Fernand Melgar a demandé à 23 personnes, autorités politiques ou responsables culturels, dont Didier Burkhalter, Jean-Frédéric Jauslin, Marco Solari, Olivier Père ou Gilles Marchand, de prendre position face au terrorisme intellectuel. En attendant les réponses, le cinéaste lausannois réfute les contrevérités de son détracteur.
Paulo Branco trouve scandaleux que «Vol spécial» montre les images d’un immigré décédé.
Fernand Melgar: «Le premier argument sur lequel il base sa dénonciation est que j’aurais construit le film autour d’un pensionnaire dont je savais qu’il allait mourir. Or ce Nigérian, décédé pendant un vol spécial, n’était pas détenu à Frambois. Il me semble que c’est évident pour qui a vu le film…»
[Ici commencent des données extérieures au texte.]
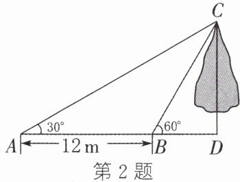 2. 如图,某数学兴趣小组想测量一棵树 $CD$ 的高度,他们先在点 $A$ 处测得树顶 $C$ 的仰角为 $30°$,然后沿 $AD$ 方向前行 $12\ m$,到达点 $B$ 处,在点 $B$ 处测得树顶 $C$ 的仰角为 $60°$(点 $A$,$B$,$D$ 在同一条直线上). 根据测量的数据可知,这棵树 $CD$ 的高度是

Paulo Branco ressasse l’épithète «complice».
Fernand Melgar: «C’est le seul point sur lequel je supporterais d’entrer en matière. On assistait aux réunions de travail des surveillants, on savait qui allait être expulsé. Mais nous avions le consentement de tous les gens que nous filmions. Nous avons passé un contrat avec eux, ils ont signé des autorisations de tournage. A tout moment, ils pouvaient décider de disparaître du film. Et puis les détenus ne sont pas idiots. On leur a dit qu’on connaîtrait avant eux le moment de leur expulsion. Réponse unanime: «De toute façon, c’est foutu pour nous. Ce qui compte, c’est qu’on ne nous oublie pas, qu’on sache ce qui se passe.» Ils nous ont demandé d’être là, jusqu’au bout, jusqu’à l’entravement, parce qu’ils avaient peur. Branco est dans la confusion totale lorsqu’il croit qu’une personne va se faire tuer et que nous sommes les complices du meurtre.»
Paulo Branco déplore l’absence de contestation ou de révolte.
Fernand Melgar: «Je pourrais m’enchaîner au grillage de Frambois en criant «Je ne partirai pas, moi, Fernand Melgar, cinéaste engagé.» Je ne fais pas des films militants, mais un cinéma de responsabilité collective. Je suis responsable de ce que je filme, le directeur du centre est responsable de ses actions. Mais vous, qui regardez le film, vous êtes aussi responsables. Pour Branco, le directeur de Frambois, c’est le Mal absolu, genre le colonel Kurtz dans Apocalypse Now. Plutôt que de crier «Salaud! Fasciste!», je préfère proposer une réflexion sur les responsabilités individuelle et collective.»
Paulo Branco dénonce la glorification du directeur de Frambois à Locarno sans qu’il ait été amené à se justifier.
Fernand Melgar: «Mensonge! A Locarno, il y a eu une rencontre d’une heure avec le public. La première question a été pour le directeur de Frambois. C’était: «Comment pouvez-vous vous regarder dans la glace le matin?» Il a répondu: «Je fais juste le sale boulot que vous m’avez demandé de faire. Et j’essaie de le faire le mieux possible.»
Paulo Branco qualifie le film de «portrait peu correct d’un pays qui oublie de se remettre en cause».
Fernand Melgar: «Branco est plus parisien que portugais. Les Parisiens ont un côté détestable: la Belgique ou la Suisse, c’est tout de suite bienvenue chez les ploucs. De plus, il est du dernier chic de rajouter bienvenue chez les nazis. Donc il traite 3000 spectateurs de collabos. Il insulte Micheline Calmy-Rey. Et Dick Marty, et tout le parterre politique. Les Français n’arrivent pas à comprendre que la première citoyenne du pays assiste à la première du film, me serre la main, en parle à la télévision. Aucun pays européen n’a jamais ouvert les portes d’un centre de rétention temporaire à un documentariste. La Suisse a cette étonnante franchise. C’est pourquoi je peux y faire mes films. C’est l’aspect merveilleux de ce pays: on peut remettre en cause les institutions, réfléchir aux avancées du totalitarisme.»